SoFi – Uber For Banks Is Here by David R. Henderson, Foundation For Economic Education
And It’s Throwing Regulators for a Loop
But isn’t SoFi cherry-picking loans? Absolutely. Why can’t banks do this? Because if you use depositor money for loans, as all banks do, you fall under the jurisdiction of the Federal Deposit Insurance Corp. and the Community Reinvestment Act, which bans discriminatory credit practices against low-income areas, known as redlining. In exchange, banks use leverage, but that’s courting trouble.
This is from Andy Kessler, “The Uberization of Banking,” Wall Street Journal, April 29, 2016 (the Saturday/Sunday issue of the WSJ for those who get the print version). The whole thing is worth reading, as is John Cochrane’s “Equity-Financed Banking,” which called my attention to the WSJ piece.

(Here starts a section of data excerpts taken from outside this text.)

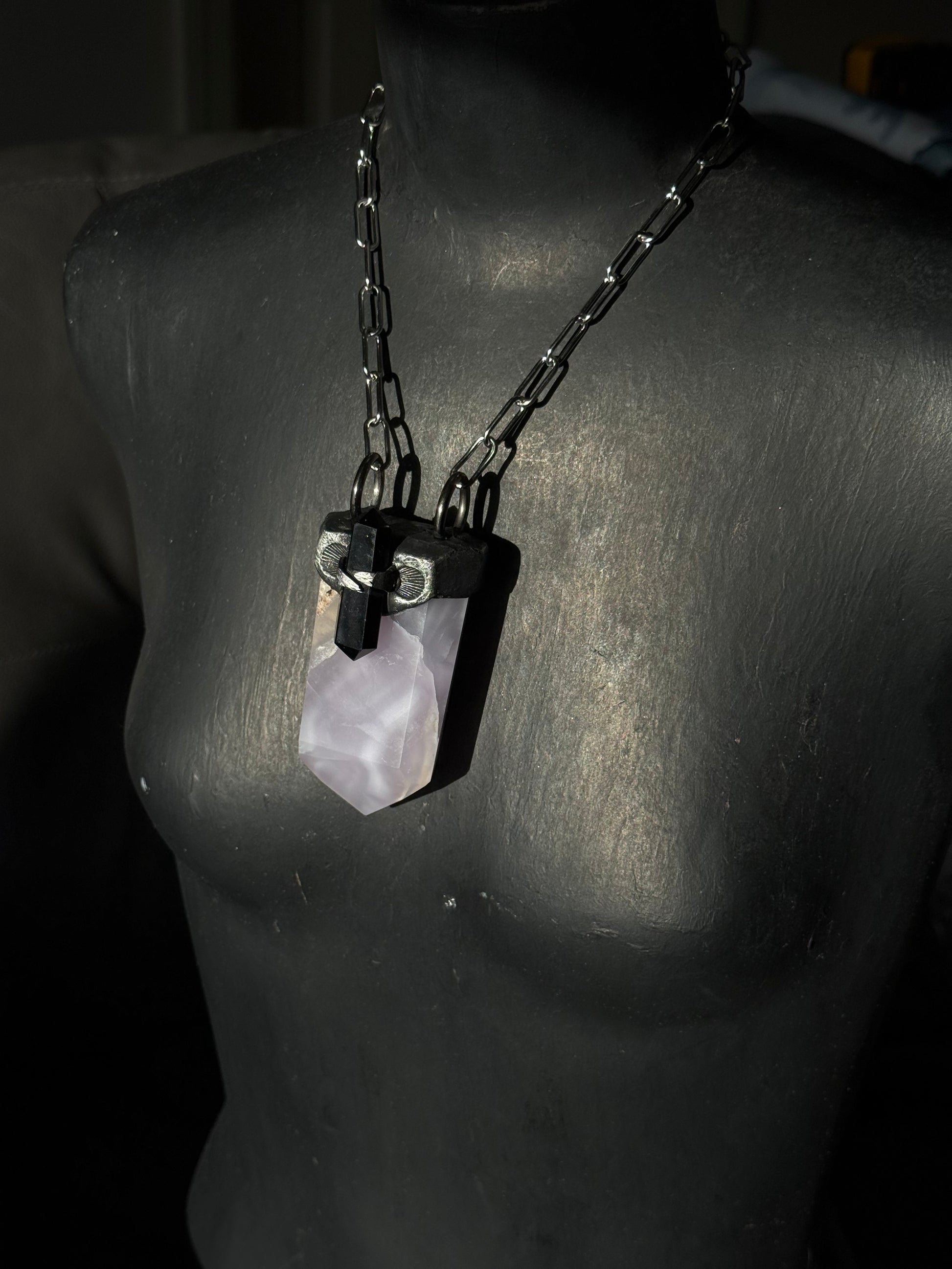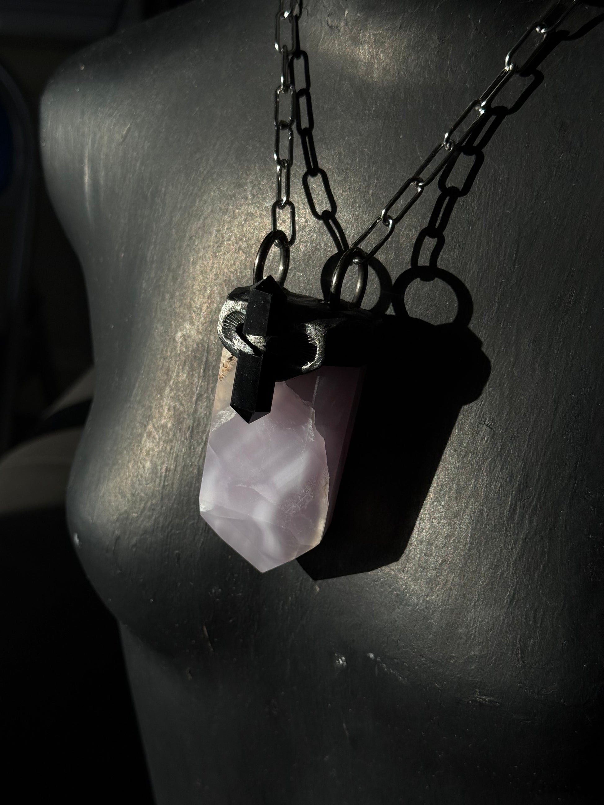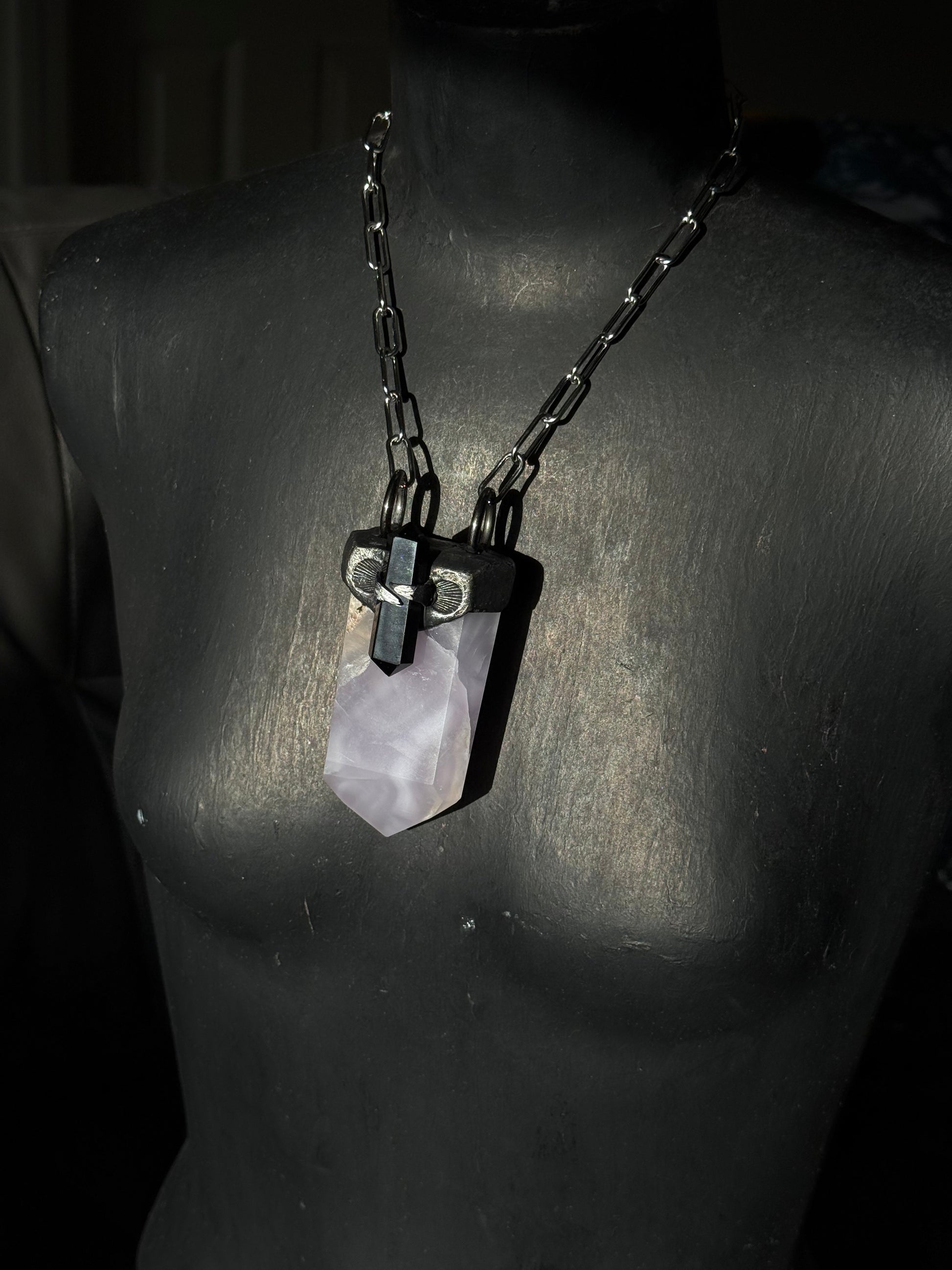The Return From the Ruins Talisman features Yttrium Flourite in a soothing lavender hue, complemented by a hand-sculpted setting featuring a mini obsidian double-terminated crystal. It is securely strung on an 18-inch stainless steel chain, providing durability. This combination promotes balance and clarity, suitable for everyday wear or spiritual practices and enhances intuition and allows flow of energy and connection w spirit guides .
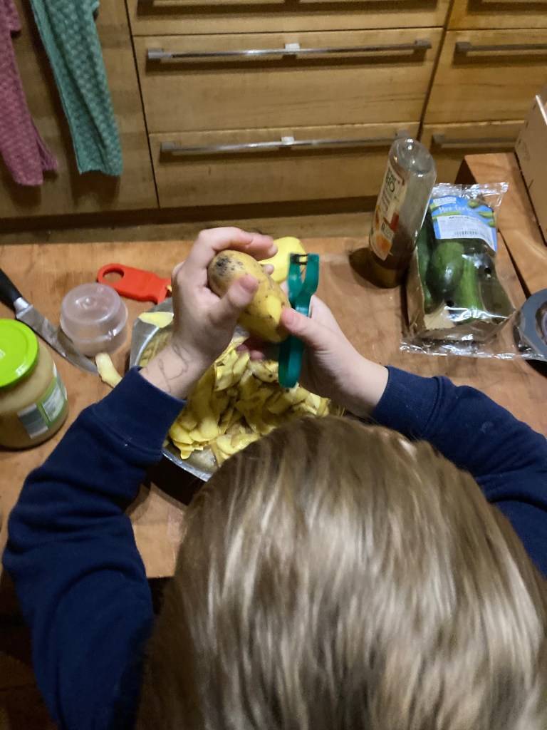 [KJ:] „Ich schäle auch Kartoffeln! Ich bin ein guter Schäler!Warum tust Du da Zwiebeln rein?“
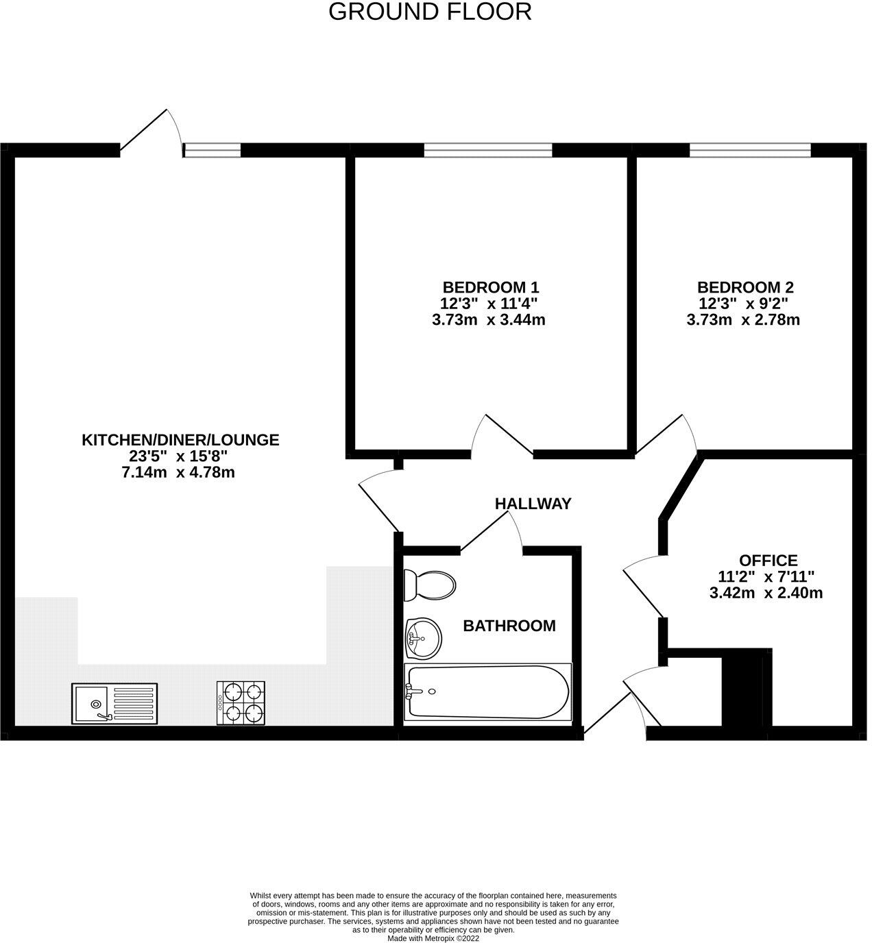 This is a two-bedroom flat in Farnborough, Hampshire. The property is in good condition and benefits from its proximity to local amenities, including transportation links and schools. The flat is competitively priced compared to the average property price in the area. While it doesn’t have a private garden, there are communal garden spaces available.
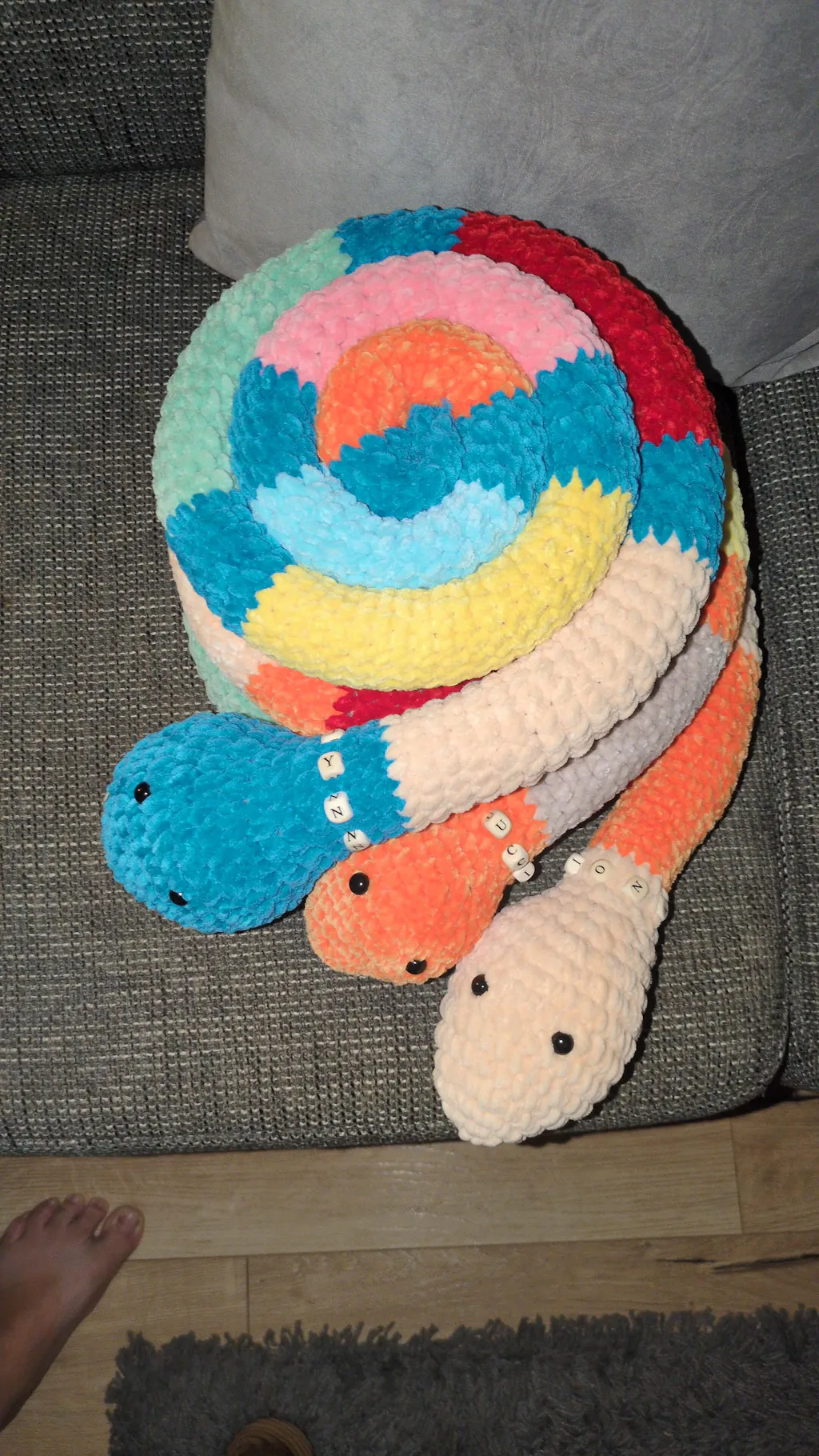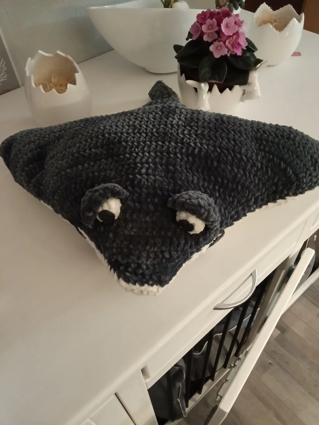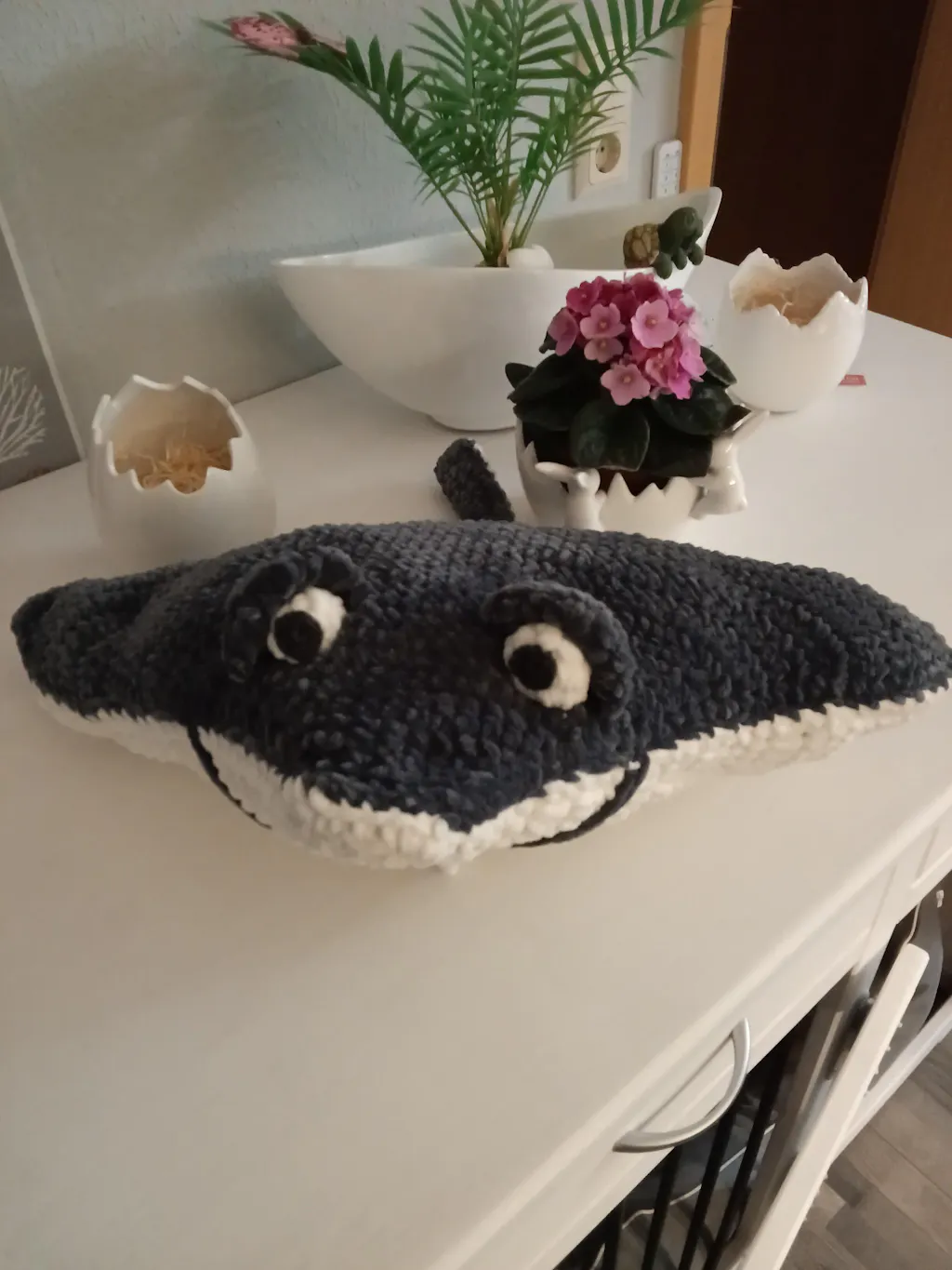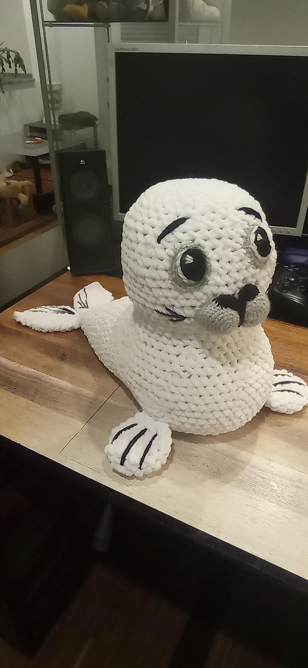 Mein Projekt soll eigentlich mit Baumwolle gearbeitet werden, auf Wunsch wird es aber total kuschelig. und natürlich auch riesengroß. Auf dem Bild ist erst mal nur der Anfang vom Kopf 🤓😊 und der kommt schon auf 53 cm.
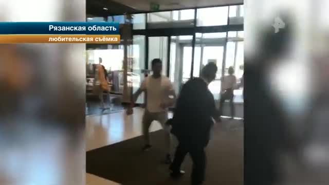 В Рязани дебоширы устроили поединок с охранниками торгового центра. Молодой человек будто бы намеренно провоцировал людей в деловых костюмах. То убегал от них, то вновь бросался в атаку.

Cochrane summarizes succinctly:
Yes, bank “safety” regulations demand that banks purposely lend to people that one can pretty clearly see will not pay it back, and demand that they do not lend money to people that one can pretty clearly see will pay it back.
Back to Kessler:
SoFi doesn’t take deposits, so it’s FDIC-free. The firm isn’t a bank, at least in that sense of the word. Instead, SoFi raises money for its loans, most recently $1 billion from SoftBank and the hedge fund Third Point, in exchange for about a quarter of the company. SoFi uses this expanded balance sheet to make loans and then securitize many of them to sell them off to investors so it can make more loans.
Yes, this sounds like what was happening before the subprime meltdown. But with a highly tuned algorithm and a carefully selected book of loans, instead of the “No Doc” free-for-all that caused the financial crisis.
But watch out for the regulators:
Rather than by the FDIC, SoFi is monitored by the Consumer Financial Protection Bureau. The overbearing regulator that was Elizabeth Warren’s brainchild thus far hasn’t come down on SoFi–the CFPB is perhaps too preoccupied with using “disparate impact” analysis of old-school auto-loan businesses to focus on a relatively exotic, app-based form of banking.
But Mr. Cagney should watch his back.
Cochrane points out one huge systemic advantage of this form of banking:
Since it makes no fixed-value promises, this structure is essentially run free and can’t cause or contribute to a financial crisis.
In 2012, candidate Mitt Romney said that starting banks in garages was a bad idea. I challenged him on John Stossel’s show. SoFi is coming awfully close.